====== DATA

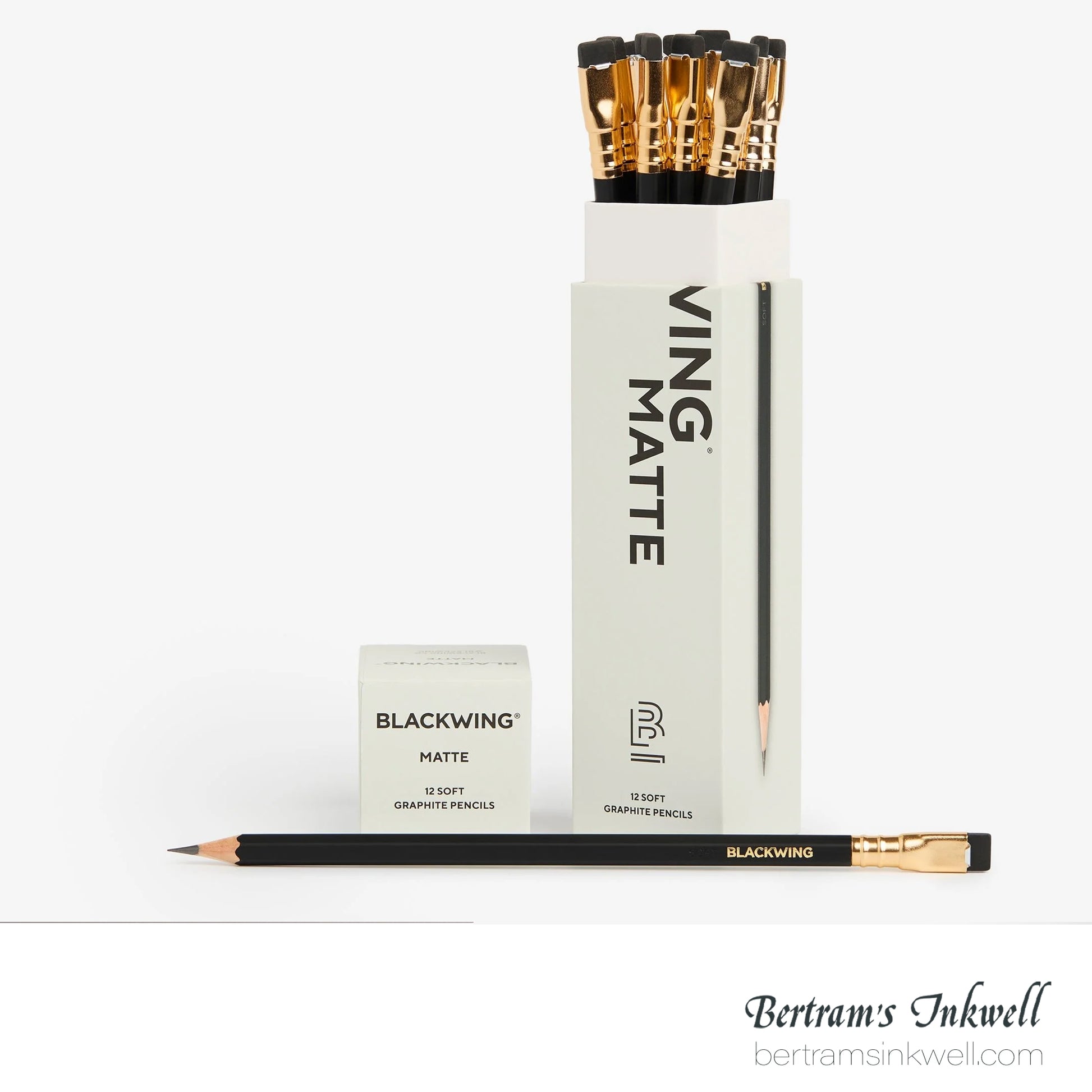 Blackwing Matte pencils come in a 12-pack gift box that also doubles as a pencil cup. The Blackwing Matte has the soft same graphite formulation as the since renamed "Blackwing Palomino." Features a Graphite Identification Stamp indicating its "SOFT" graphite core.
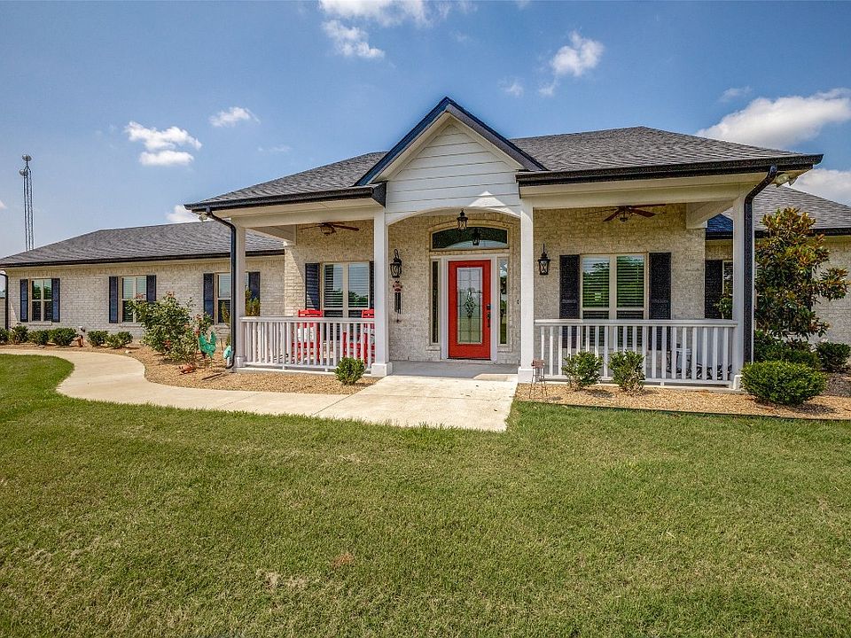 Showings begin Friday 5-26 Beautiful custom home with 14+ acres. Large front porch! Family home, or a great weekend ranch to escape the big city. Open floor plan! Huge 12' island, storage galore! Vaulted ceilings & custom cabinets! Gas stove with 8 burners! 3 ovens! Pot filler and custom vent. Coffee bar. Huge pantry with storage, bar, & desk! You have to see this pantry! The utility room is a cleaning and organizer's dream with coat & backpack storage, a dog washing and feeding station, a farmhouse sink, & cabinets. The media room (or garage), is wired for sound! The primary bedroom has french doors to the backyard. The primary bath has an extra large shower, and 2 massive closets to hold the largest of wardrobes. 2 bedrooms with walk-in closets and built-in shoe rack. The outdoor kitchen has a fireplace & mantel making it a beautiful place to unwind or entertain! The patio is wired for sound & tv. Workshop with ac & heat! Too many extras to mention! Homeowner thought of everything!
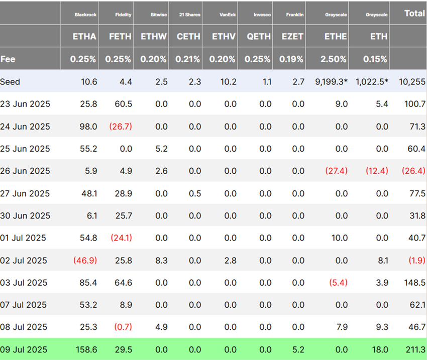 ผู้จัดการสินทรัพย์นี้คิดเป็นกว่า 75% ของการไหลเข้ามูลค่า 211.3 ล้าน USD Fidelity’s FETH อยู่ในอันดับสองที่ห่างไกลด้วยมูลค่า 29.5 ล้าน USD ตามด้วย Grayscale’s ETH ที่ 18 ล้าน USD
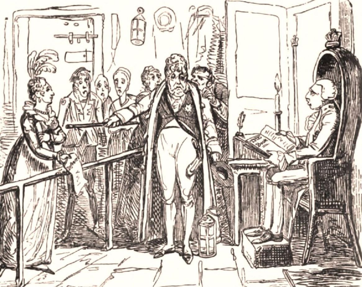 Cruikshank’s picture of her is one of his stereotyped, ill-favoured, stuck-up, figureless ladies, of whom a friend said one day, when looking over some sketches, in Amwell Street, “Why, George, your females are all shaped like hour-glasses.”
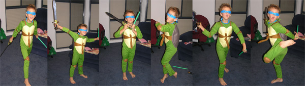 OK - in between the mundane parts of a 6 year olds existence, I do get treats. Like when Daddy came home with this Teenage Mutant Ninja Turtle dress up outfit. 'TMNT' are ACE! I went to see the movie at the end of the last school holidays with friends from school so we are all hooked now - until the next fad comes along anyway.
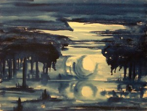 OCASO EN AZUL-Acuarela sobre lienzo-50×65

============

Return only the lines from the line containing "Cruikshank’s picture of" through the last line of the records above, both ends included, exactly as written, leaving pictures out.

■ **SOLUTION**:
 Cruikshank’s picture of her is one of his stereotyped, ill-favoured, stuck-up, figureless ladies, of whom a friend said one day, when looking over some sketches, in Amwell Street, “Why, George, your females are all shaped like hour-glasses.”
 OK - in between the mundane parts of a 6 year olds existence, I do get treats. Like when Daddy came home with this Teenage Mutant Ninja Turtle dress up outfit. 'TMNT' are ACE! I went to see the movie at the end of the last school holidays with friends from school so we are all hooked now - until the next fad comes along anyway.
 OCASO EN AZUL-Acuarela sobre lienzo-50×65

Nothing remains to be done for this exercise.